THE PROBLEM: Set down again each entry exactly as it reads, pictures excluded.
_ _ _
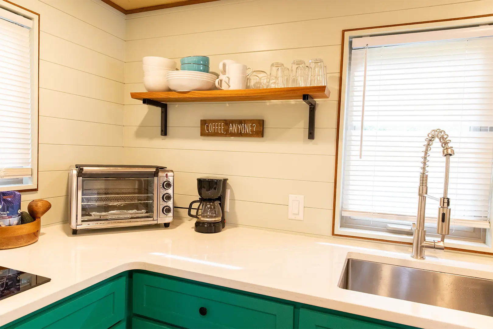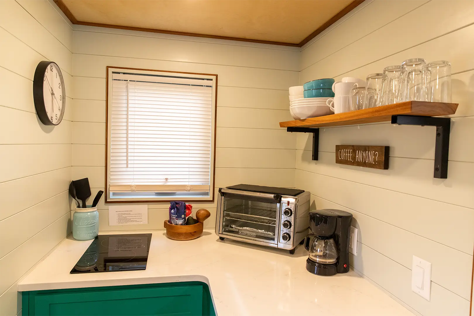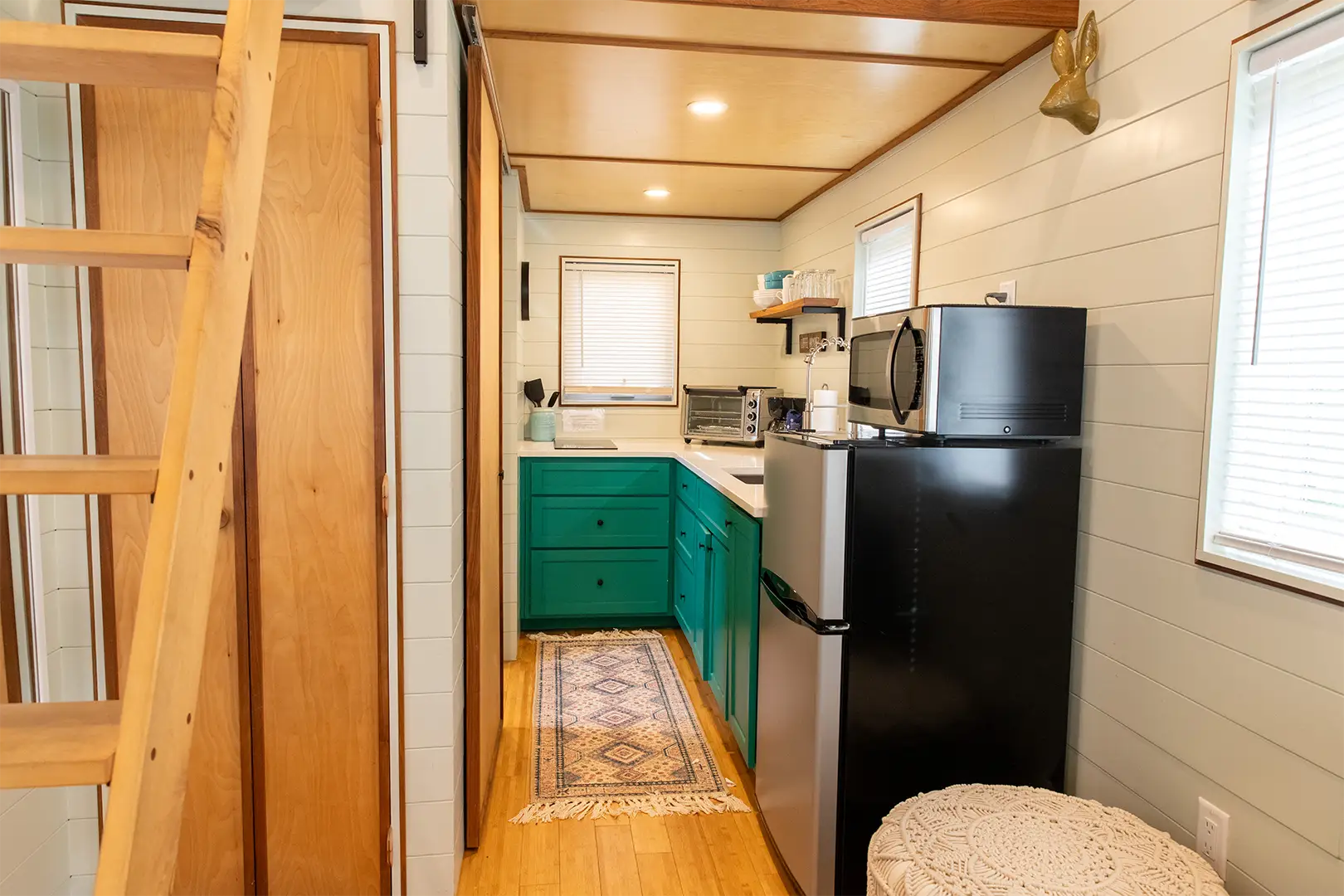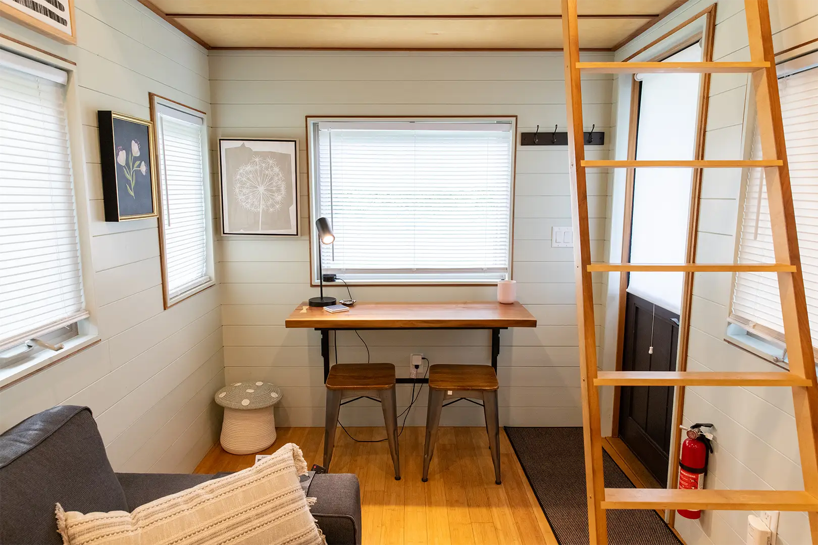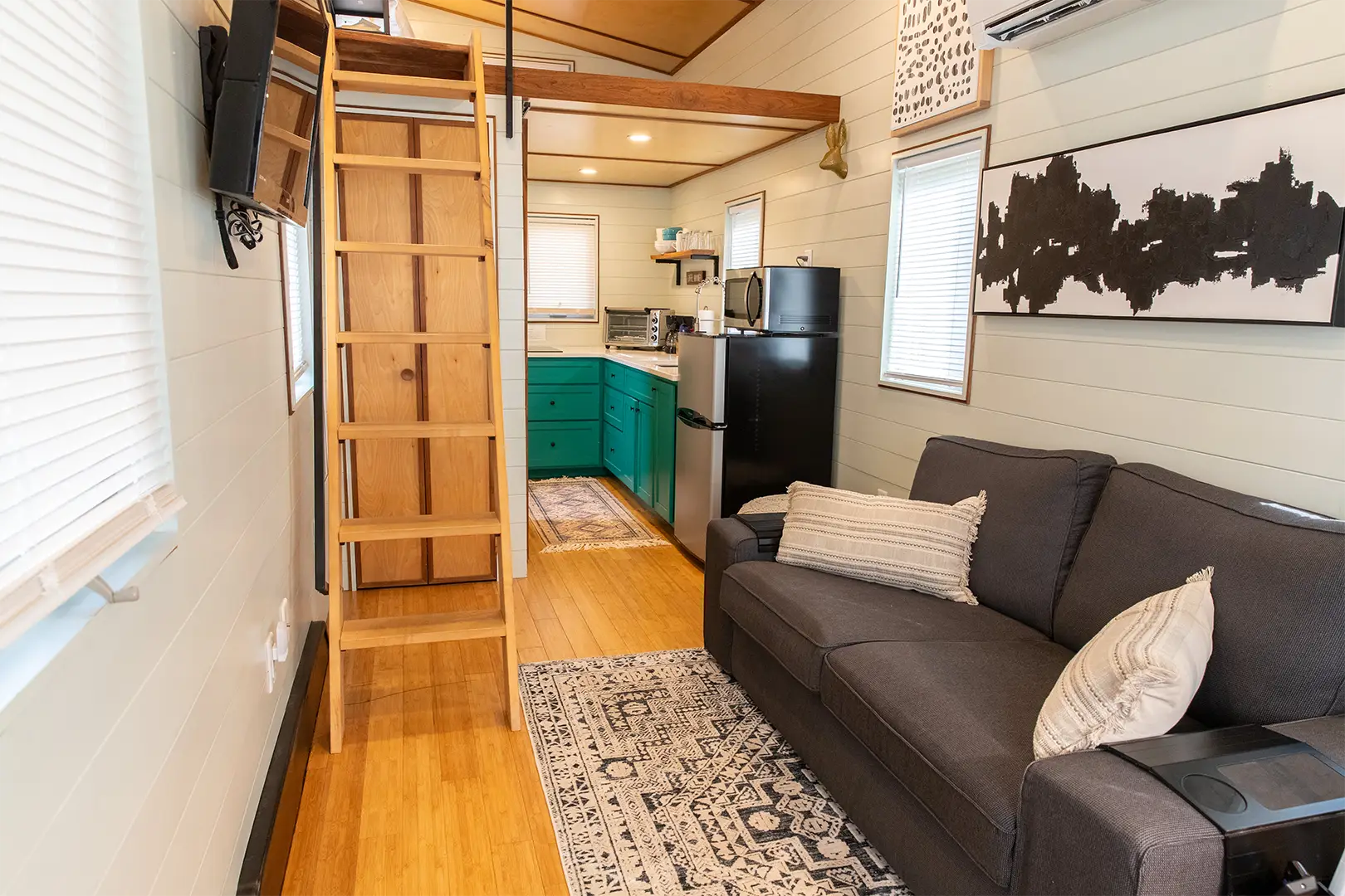 With a floor area of a total of 296 ft.² that includes the main floor, and the two lofts. The fully functioning kitchen features a two-burner induction stove top, air fryer-toaster oven, refrigerator, and microwave, making meal preparation a breeze.
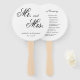 Typography wedding program hand fan featuring the words, "Mr. and Mrs." in elegant black calligraphy and your names and wedding date, over a white background. Add your ceremony events on the back. If you will be having an outdoor wedding, these hand fans are a great to offer to your guests to help them keep cool and also make a great souvenir.
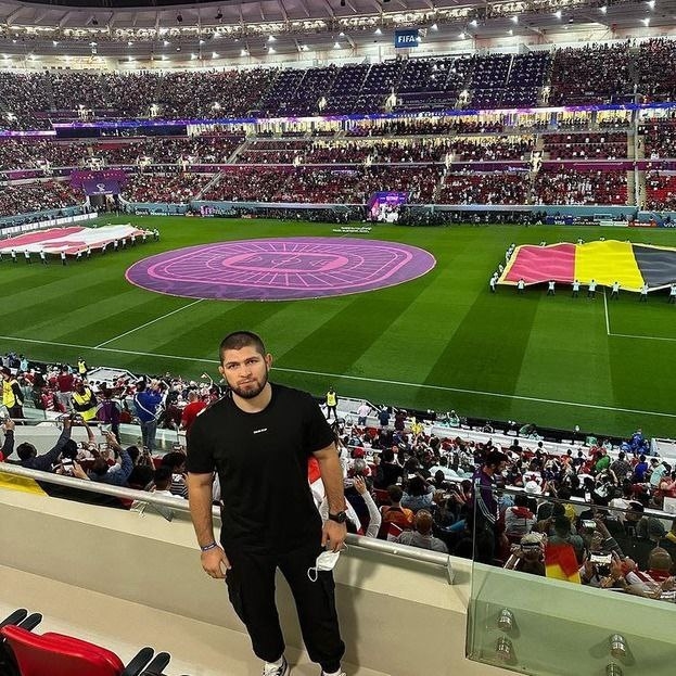 Российский боец UFC Хабиб Нурмагомедов побывал на матче между сборными Бельгии и Канады на ЧМ-2022 в Катаре. В своих соцсетях он показал фото с трибун.
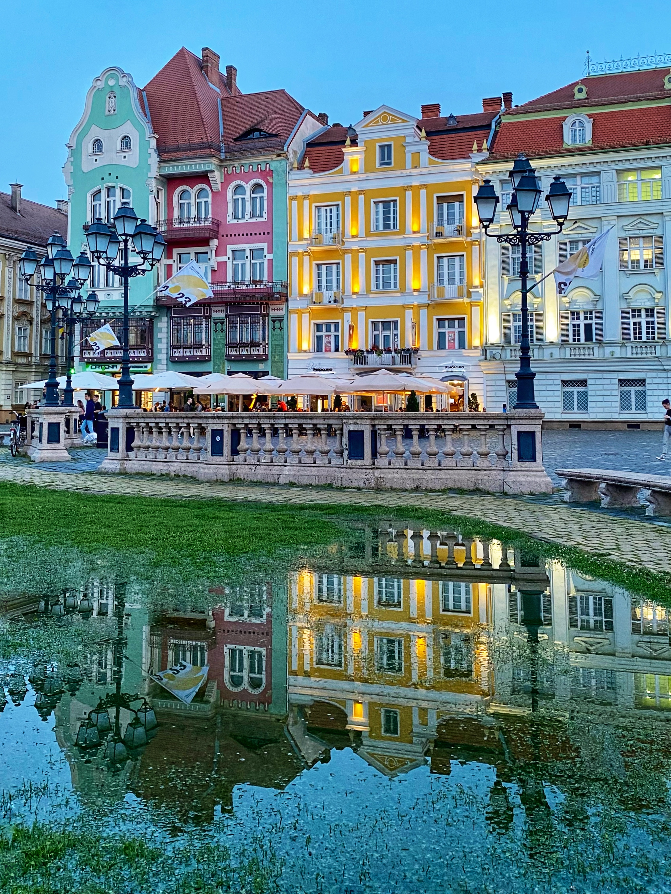 Before I flew to Vienna, I made a rough plan of where I wanted to go with my Eurail pass. Well, plans change quickly! I made it to my first stop, Budapest. Next, I was planning on Lesce Bled, Slovenia, but it was a long train ride, the weather looked bad, and I couldn’t find a place to stay that felt right. Searching around on the Eurail site, I looked at the destinations in Romania and found Timișoara. It had a fun name, so I googled it for a few pics, found an Airbnb that looked good, and made a quick decision to re-route. Timișoara is the third largest city in Romania and often called “Little Vienna” for it’s colorful architecture resembling that of Vienna.
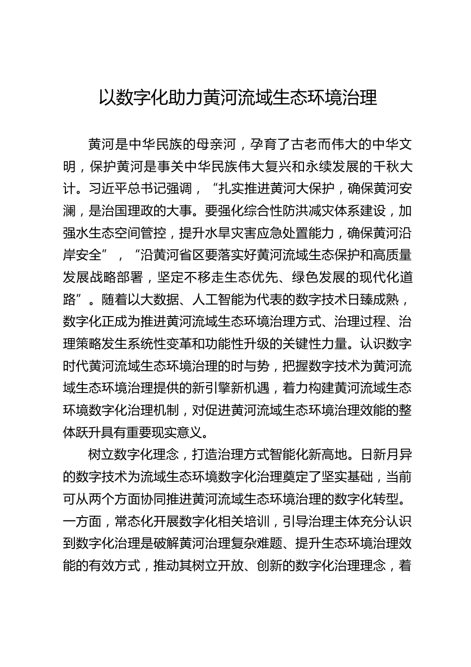 以數(shù)字化助力黃河流域生態(tài)環(huán)境治理VIP免費
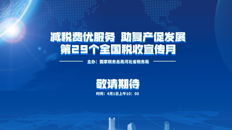 4月1日上午10:00,国家税务总局河北省税务局、长城新媒体集团联合举办的“‘减税费优服务 助复产促发展’暨第29个全国税收宣传月启动仪式”大型网络直播活动正式开播。活动现场,我们将邀请河北经贸大学财政税务学院教授古建芹、石家庄以岭药业股份有限公司总经理吴相君做客直播间,全方位对税收政策进行深度剖析。同时,还有河北省税务工作人员化身“主播”,以“云课堂”的方式教您“非接触式”办税。期待您的关注!
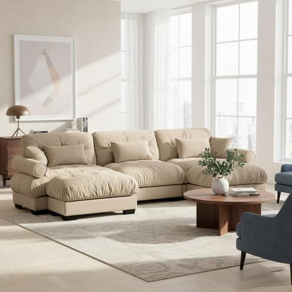BLASTAR 130 in. Velvet 3-Seater Sectional Sofa with Round Bolster Arms and Modular Ottoman in Camel Brown
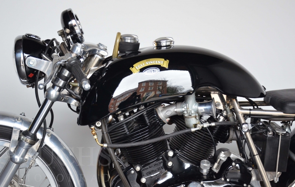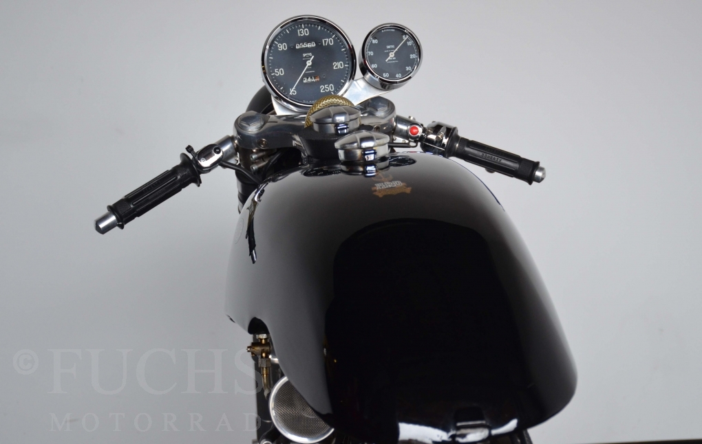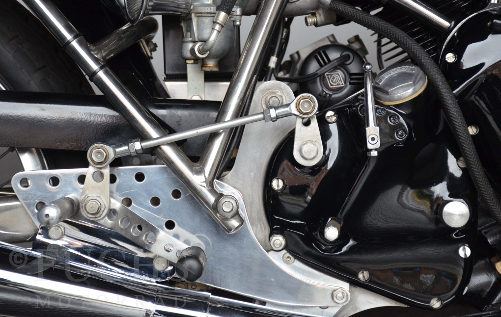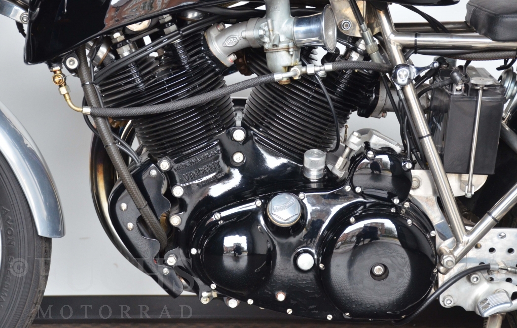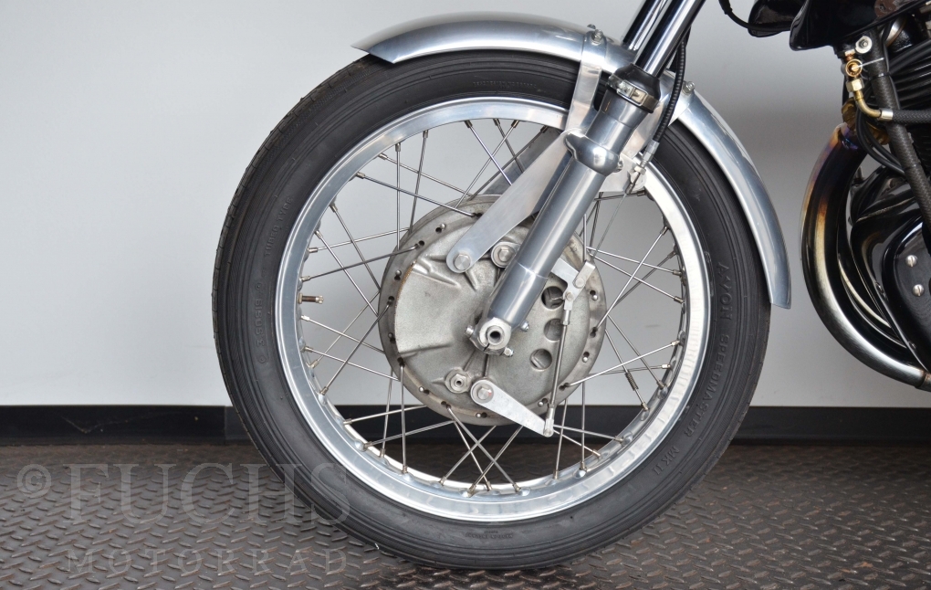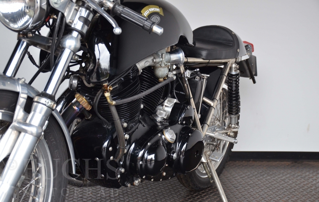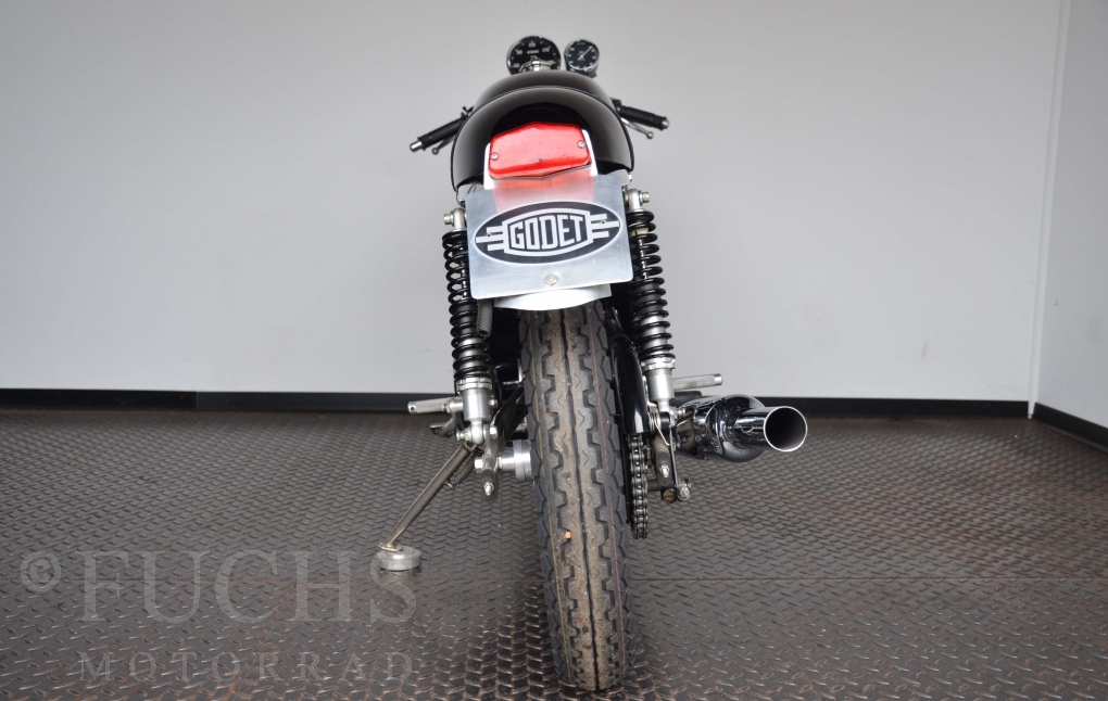 Ursprünglich hat Patrick Godet diese bildschöne Maschine für sich mit einem Vincent Black Shadow Motor gebaut. Durch seine anspruchsvolle Arbeit konnte Patrick Godet sich einen Betrieb mit einer international beachteten Reputation aufbauen. Leider ist Patrick Godet im Jahr 2018 verstorben. Francois Chevalier der als Eigentümer, der Rennstrecke Paul Ricard bekannt wurde, hat ihm die Maschine im Jahr 2001 abkaufen können. Es liegen deshalb französische Fahrzeugpapiere vor. Aber eine Zulassung in Deutschland ist jederzeit möglich. Die Godet ist optisch und auch technisch in einem sehr guten Zustand.
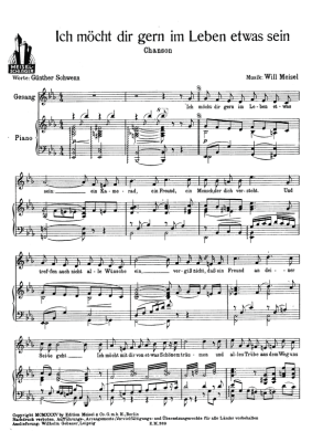 Ich möcht dir gern im Leben etwas sein - Noten für Klavier und Gesang Chanson
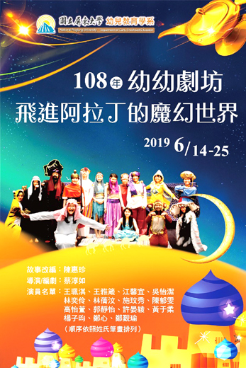 國立屏東大學幼兒教育學系執行教育部高教深耕計畫,今年幼幼劇坊公演推出「飛進阿拉丁的魔幻世界」新劇碼,首度與機器人共演,在飛天魔毯帶領下,將於廿四日至廿五日抵金與金門縣幼兒共同一起倘佯在戲劇演出,與幼兒科學遊戲的互動氛圍,實際見證科學實驗效果。 縣府教育處表示,「飛進阿拉丁的魔幻世界」新劇發想來自國立屏東大學幼教系主任陳惠珍,並經由蔡淳如老師進行編導,帶領屏大二年級學生集體創思,劇中結合戲劇故事的幼兒科學遊戲,運用教習劇場演出模式,透過戲劇跨領域統整幼兒科學,讓演員透過演出,引導幼兒進行特定科學議題的探索與思考,以推廣STEAM教習劇場。 另,STEAM教習劇場為2018年由屏大幼教系於全臺首創發表,在排練過程中,學生除了排練戲劇演出之外,還歷經一次又一次的實驗科學,就是為了讓幼兒在觀賞戲劇演出的同時,也沉浸在幼兒科學的學習範疇,同時以互動劇場方式讓幼兒親自參與其中,達到科學實事求是的學習精神。 縣府教育處表示,「飛進阿拉丁的魔幻世界」一劇共演出六場:六月十四日在國立屏東大學首演後,隨即巡迴公演五場,其中三場在金門:六月廿四日上午古寧國小附設幼兒園、下午述美國小附設幼兒園;六月廿五日上午安瀾國小附設幼兒園。 此次幼幼劇坊巡迴演出除了帶給幼兒戲劇美感的體驗外,亦期盼激起幼兒對科學探究的興趣,因此也首度編寫了教師手冊,以便幼兒園教師延伸戲劇中的科學與數學活動。 縣府教育處說,「飛進阿拉丁的魔幻世界」一劇處處有驚喜,精彩可期;想知道阿拉丁如何以一根棍子逃出神秘谷老虎洞,又如何在神燈精靈的幫忙下,以智慧的方法瓦解邪惡賈方的魔咒,最後如何通過茉莉公主的考驗,就讓充滿現代科技的幼幼劇坊,引領大家一探究竟吧!
_ _ _
ANSWER TO THE PROBLEM:
 With a floor area of a total of 296 ft.² that includes the main floor, and the two lofts. The fully functioning kitchen features a two-burner induction stove top, air fryer-toaster oven, refrigerator, and microwave, making meal preparation a breeze.
 Typography wedding program hand fan featuring the words, "Mr. and Mrs." in elegant black calligraphy and your names and wedding date, over a white background. Add your ceremony events on the back. If you will be having an outdoor wedding, these hand fans are a great to offer to your guests to help them keep cool and also make a great souvenir.
 Российский боец UFC Хабиб Нурмагомедов побывал на матче между сборными Бельгии и Канады на ЧМ-2022 в Катаре. В своих соцсетях он показал фото с трибун.
 Before I flew to Vienna, I made a rough plan of where I wanted to go with my Eurail pass. Well, plans change quickly! I made it to my first stop, Budapest. Next, I was planning on Lesce Bled, Slovenia, but it was a long train ride, the weather looked bad, and I couldn’t find a place to stay that felt right. Searching around on the Eurail site, I looked at the destinations in Romania and found Timișoara. It had a fun name, so I googled it for a few pics, found an Airbnb that looked good, and made a quick decision to re-route. Timișoara is the third largest city in Romania and often called “Little Vienna” for it’s colorful architecture resembling that of Vienna.
 以數(shù)字化助力黃河流域生態(tài)環(huán)境治理VIP免費
 4月1日上午10:00,国家税务总局河北省税务局、长城新媒体集团联合举办的“‘减税费优服务 助复产促发展’暨第29个全国税收宣传月启动仪式”大型网络直播活动正式开播。活动现场,我们将邀请河北经贸大学财政税务学院教授古建芹、石家庄以岭药业股份有限公司总经理吴相君做客直播间,全方位对税收政策进行深度剖析。同时,还有河北省税务工作人员化身“主播”,以“云课堂”的方式教您“非接触式”办税。期待您的关注!
BLASTAR 130 in. Velvet 3-Seater Sectional Sofa with Round Bolster Arms and Modular Ottoman in Camel Brown
 Ursprünglich hat Patrick Godet diese bildschöne Maschine für sich mit einem Vincent Black Shadow Motor gebaut. Durch seine anspruchsvolle Arbeit konnte Patrick Godet sich einen Betrieb mit einer international beachteten Reputation aufbauen. Leider ist Patrick Godet im Jahr 2018 verstorben. Francois Chevalier der als Eigentümer, der Rennstrecke Paul Ricard bekannt wurde, hat ihm die Maschine im Jahr 2001 abkaufen können. Es liegen deshalb französische Fahrzeugpapiere vor. Aber eine Zulassung in Deutschland ist jederzeit möglich. Die Godet ist optisch und auch technisch in einem sehr guten Zustand.
 Ich möcht dir gern im Leben etwas sein - Noten für Klavier und Gesang Chanson
 國立屏東大學幼兒教育學系執行教育部高教深耕計畫,今年幼幼劇坊公演推出「飛進阿拉丁的魔幻世界」新劇碼,首度與機器人共演,在飛天魔毯帶領下,將於廿四日至廿五日抵金與金門縣幼兒共同一起倘佯在戲劇演出,與幼兒科學遊戲的互動氛圍,實際見證科學實驗效果。 縣府教育處表示,「飛進阿拉丁的魔幻世界」新劇發想來自國立屏東大學幼教系主任陳惠珍,並經由蔡淳如老師進行編導,帶領屏大二年級學生集體創思,劇中結合戲劇故事的幼兒科學遊戲,運用教習劇場演出模式,透過戲劇跨領域統整幼兒科學,讓演員透過演出,引導幼兒進行特定科學議題的探索與思考,以推廣STEAM教習劇場。 另,STEAM教習劇場為2018年由屏大幼教系於全臺首創發表,在排練過程中,學生除了排練戲劇演出之外,還歷經一次又一次的實驗科學,就是為了讓幼兒在觀賞戲劇演出的同時,也沉浸在幼兒科學的學習範疇,同時以互動劇場方式讓幼兒親自參與其中,達到科學實事求是的學習精神。 縣府教育處表示,「飛進阿拉丁的魔幻世界」一劇共演出六場:六月十四日在國立屏東大學首演後,隨即巡迴公演五場,其中三場在金門:六月廿四日上午古寧國小附設幼兒園、下午述美國小附設幼兒園;六月廿五日上午安瀾國小附設幼兒園。 此次幼幼劇坊巡迴演出除了帶給幼兒戲劇美感的體驗外,亦期盼激起幼兒對科學探究的興趣,因此也首度編寫了教師手冊,以便幼兒園教師延伸戲劇中的科學與數學活動。 縣府教育處說,「飛進阿拉丁的魔幻世界」一劇處處有驚喜,精彩可期;想知道阿拉丁如何以一根棍子逃出神秘谷老虎洞,又如何在神燈精靈的幫忙下,以智慧的方法瓦解邪惡賈方的魔咒,最後如何通過茉莉公主的考驗,就讓充滿現代科技的幼幼劇坊,引領大家一探究竟吧!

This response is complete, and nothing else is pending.